Pet Bird Bonding
Contrary to popular myth, it is NOT essential to hand feed a baby parrot in order for it to bond successfully with you. It IS important for a bird to have been hand fed, by a positive-based nurturer, who has fostered trust and provided guidance from an early age. Parrots, however, are capable of forming many bonds throughout their lifetimes. The better the socialization and nurturing guidance provided from the beginning, the easier it is for a parrot to form new bonds.

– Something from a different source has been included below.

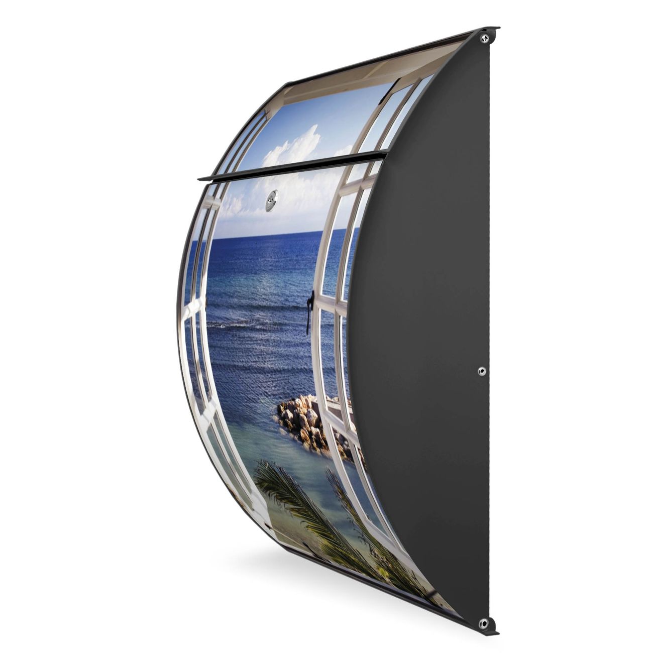 FUNKTION: DESIGN: Das Modell Riviera mit Motiv Fensterpanorama hat ein sehr ansprechendes und zeitloses Design. Heben Sie Sich von der tristen grauen Masse ab, ohne auf Funktionalität zu verzichten. Der integrierte Öffnungsstopp ermöglicht eine einfache Handhabung beim Entnehmen der Post. DETAILS: Der Postkasten besteht aus vollflächig verzinktem Stahl welcher in Anthrazit lackiert wurde. Das Motiv besteht aus einer wetter- und UV-festen Folie, die mit einem Schutzlaminat überzogen ist, durch die Ihren Briefkasten zusätzlich vor Kratzern geschützt ist. Sie erhalten 2 Schlüssel sowie das passende Montagematerial. NUTZEN: Sie können den Briefkasten sowohl als Wandbriefkasten montieren oder einen passenden Ständer kaufen und als Standbriefkasten einbetonieren. Die Größe bietet genügend Platz für Sendungen aller Art, der Einwurf fasst auch größere A4 Sendungen. BANJADO: Ihr Briefkasten wird in Sachsen in einer kleinen Manufaktur von Hand veredelt. Die Motivfolie ist lösungsmittelfrei und schutzlaminiert, dies sorgt für einen langen Halt. Wir legen großen Wert auf die Verbindung von Funktionalität und Design. Sie erhalten Handarbeit aus Sachsen.

Just like humans, parrots form different bonds with different people (and birds) in their lives. Your bird may have a primary bond with you, where you provide the bulk of the feeding, cleaning, and one on one interaction. Then there may be a different bond with your spouse, who perhaps provides special treats and occasional "hangouts" together. Your children may have yet another bond in providing silliness and special games. Then there are various degrees of bonding with other birds in the household, or even the family dog. All of these bonds are special and unique relationships. It is my belief that the more chances for a parrot to have numerous positive relationships, the healthier your bird is. Should something happen where you and your bird have to part company for some reason, a bird that has been encouraged to have multiple healthy relationships throughout it's life will adapt much more successfully and make new bonds much more smoothly than one who has been kept in a "one person" mode. Parrots are by nature highly social and sociable, critters and it's your duty as a caregiver, to foster trusting birds.
So, how do we do this? First off, if you really want to maintain a strong primary bond with your bird, don't get him a buddy! Especially another bird of the same species, where a true "pair-bond" will most likely form. Even in cross-species "buddy bonds" birds can become territorial and aggressive toward their humans during hormonal times.
Secondly, although we love and indulge our parrots, don't "spoil" them in the sense that you are not providing guidance. Like young children, parrots want and need "rules" and guidelines for living. Ignore most negative behaviors, and strongly reinforce the positive ones. Use "step up/down," play "the towel game," give lots of positive reinforcement every time ("Good step up!" "Good bird!" "I like that!") Don't succumb to "quick fix" techniques, don't lose your temper and don't personalize perceived "mean" behavior from your bird. Gain an understanding of basic parrot behavior, practice positive reinforcement, and reinforce trust. Then your bonds will be strong and healthy ones.